Одним из неожиданных следствий опасной командировки стали предложения МВД по административной реформе. Товарищ министра Иван Петрович Дурново спрашивал мнения Алексея: не стоит ли разделить генерал-губернаторство Восточной Сибири на Сибирское и Амурское, с целью улучшения управления огромными территориями.[180]
И, наконец, Лыкову дали три дня отпуска и выделили служебный экипаж. В нём сыщик и подъехал к дому Озябликова, как только смог освободиться от всех важных аудиенций. На углу Упразнённого переулка и Витебской улицы он увидел городового; этого раньше не было. Получалось, что он словно бы караулит Власа Фирсовича.
В доме было тихо, как при покойнике. Сожительница Озябликова, осунувшаяся и подурневшая, с синими кругами под глазами, не спрашивая, отвела Алексея к хозяину, как будто его ждали. Со времени штурма дома Лобова минуло три недели; по словам Благово, отставной штабс-капитан за это время ни разу не вышел на улицу, зато зачастил доктор. Из всего воинства питерского «короля» Озябликов остался один: кого не застрелили разведчики, тех арестовала полиция.
Лыков входил к другу своего покойного отца с тяжёлым сердцем. Он не мог отпустить его, как отпустил Челубея — не ему решать такой вопрос. Но даже будь его, Лыкова, воля, он не простил бы этому человеку его преступления. Как мог боевой офицер, дававший присягу, дойти до участия в покушении на государя? Поэтому, когда коллежский асессор ступил в знакомый кабинет, лицо его было печальным и суровым.

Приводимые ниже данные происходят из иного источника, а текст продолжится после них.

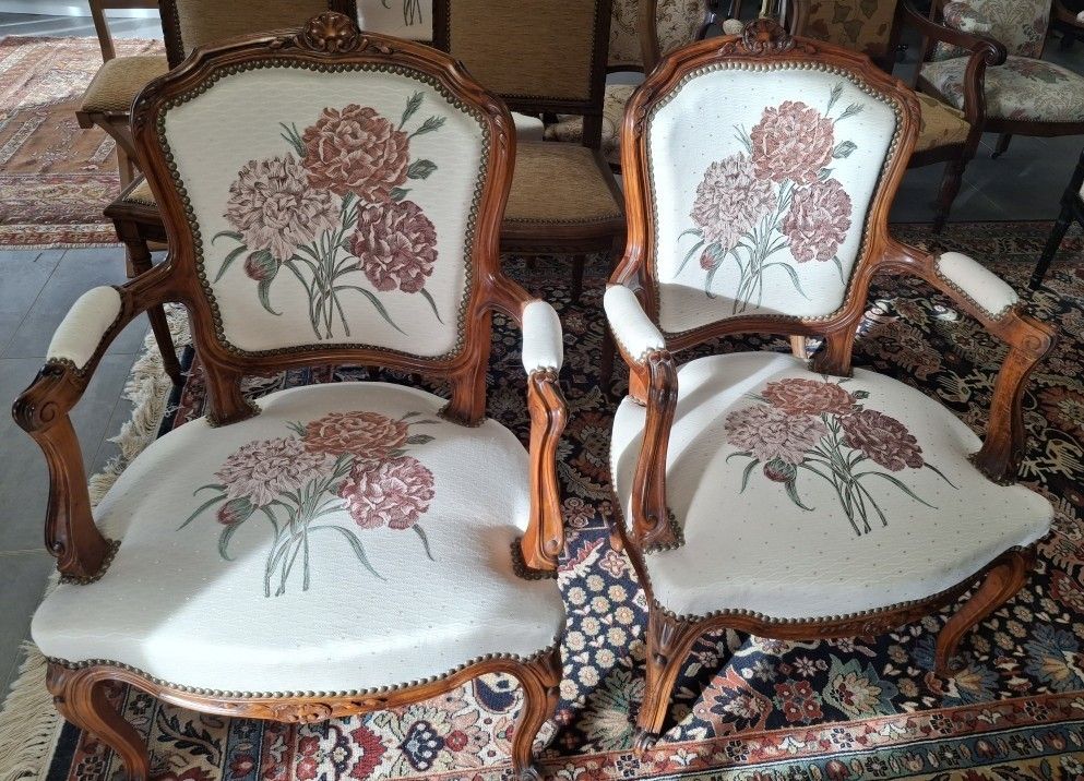 Pair of moulded beech armchairs with light fabric shell backs decorated with Regency-style flowers

Влас Фирсович лежал на диване в шлафроке; грудь его была перебинтована, в комнате остро пахло лекарствами. Совсем недвижимые, исхудалые восковые пальцы, едва заметное дыхание, провалившиеся вглубь черепа глазницы. Разительная перемена произошла с бывшим начальником лобовского штаба: за те шесть месяцев, что они не виделись, он состарился лет на тридцать. Было шестьдесят — крепкий, уверенный в себе человек, с твердой походкой и ясным пониманием жизни. А теперь — девяносто; дряхлая развалина, живой труп.

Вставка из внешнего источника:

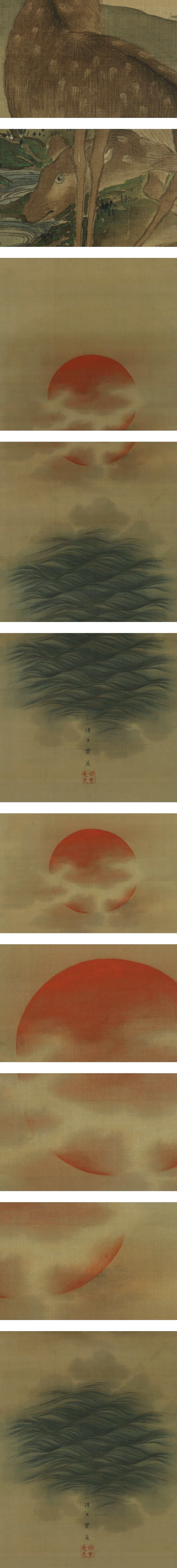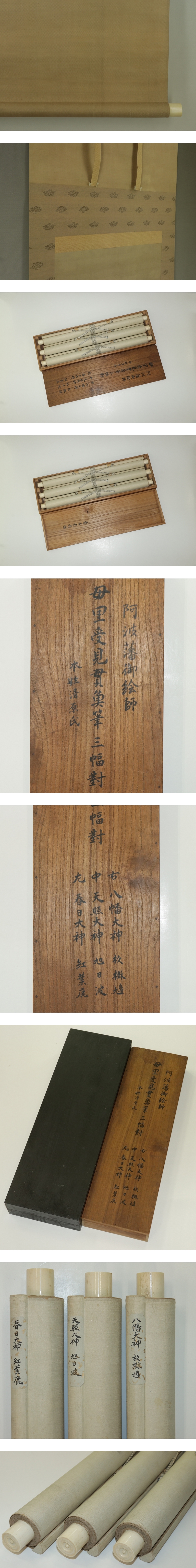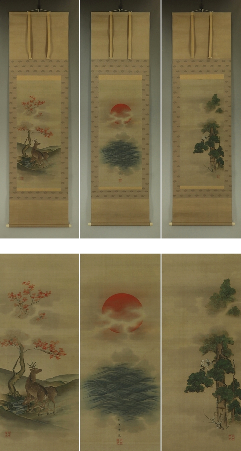| №2402094 名品【模写】守住貫魚【大神三対幅】◆絹本◆合箱◆二重箱◆掛軸 | |

Услышав шаги, Озябликов нехотя приподнял веки, увидел Алексея — и весь дёрнулся и даже попытался приподняться на локте.
— Жив!..
Лыков мигом подсел к больному, взял его бессильную ладонь в свою руку:
— Как же так, Влас Фирсович? Что это такое?

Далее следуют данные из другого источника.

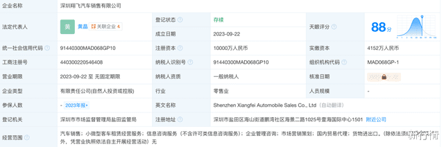 天眼查信息显示,翔飞成立于2023年9月,注册资本1亿元,其法定代表人、实控人黄晶同时担任昆山宝能汽车有限公司实控人。

— Ты жив… слава Богу!.. Вот, Алеша… — хрипло, чуть слышно сказал Озябликов, — сьел… сам себя сьел изнутри… Застрелиться хотел, когда случилось… дочерей пожалел — они у меня сильно верующие… Но всё равно убил себя, только медленно, мучительно… терзаниями запоздалыми убил… что на государя посягнул… а когда Елтистов в Сибирь уехал тебя стрелять… отпустил его, не придушил… а мог… Побоялся, себя пожалел… а когда телеграмма от кержака пришла, что ты убит — плакал тайно… А ты живой… Это подарок… лучший мне подарок перед смертью! Спасибо, что пришёл, не побрезговал… Обманул, значит, этих? Молодец… А что Челубей — тоже живой?
— Жив и здоров. Я отпустил его в Америку. Его взаправду чуть не убили, не я, а люди Бардадыма. Мы их там выжгли, весь гадюшник, подчистую… Одна девушка, чеченка, его выходила, с того света вернула. Они вместе уехали; начнут там новую жизнь — Бог им в помощь.
— Хорошо… А Елтистов?
— Стрелял мне в спину до трёх раз. Я был в бурке.
— Эх, вольно-оправится… — усмехнулся кончиками бесцветных губ штабс-капитан. — Кассир — он и есть кассир… А я умираю. Я ещё тогда хотел умереть, в ту ночь… Схватил револьвер и выскочил на улицу; пусть в бою убьют… А там солдаты… Не мог. Были б полицейские — ты уж извини меня, Алеша — я бы смог, и погиб бы там… а в русского солдатика стрелять рука не поднялась… Вернулся в дом… ждал, ждал… а ваши всё не идут… От ожидания этого и заболел… Тюрьмы боялся, на старости-то лет… и перед дочерьми стыдно… А потом стыдно стало за другое: что сына своего единственного друга убить дозволил… а тут Бог услышал… услышал…
И вдруг испугался:
— Ты не арестовать ли меня пришёл?
Вцепился слабыми пальцами в ладонь Алексею, задрожал, как в ознобе.
— Нет, нет, — поторопился успокоить его Лыков, — в таком состоянии арестовывать нельзя, я начальству объясню! Живите дома, сколько получится. Никто вас не тронет, обещаю.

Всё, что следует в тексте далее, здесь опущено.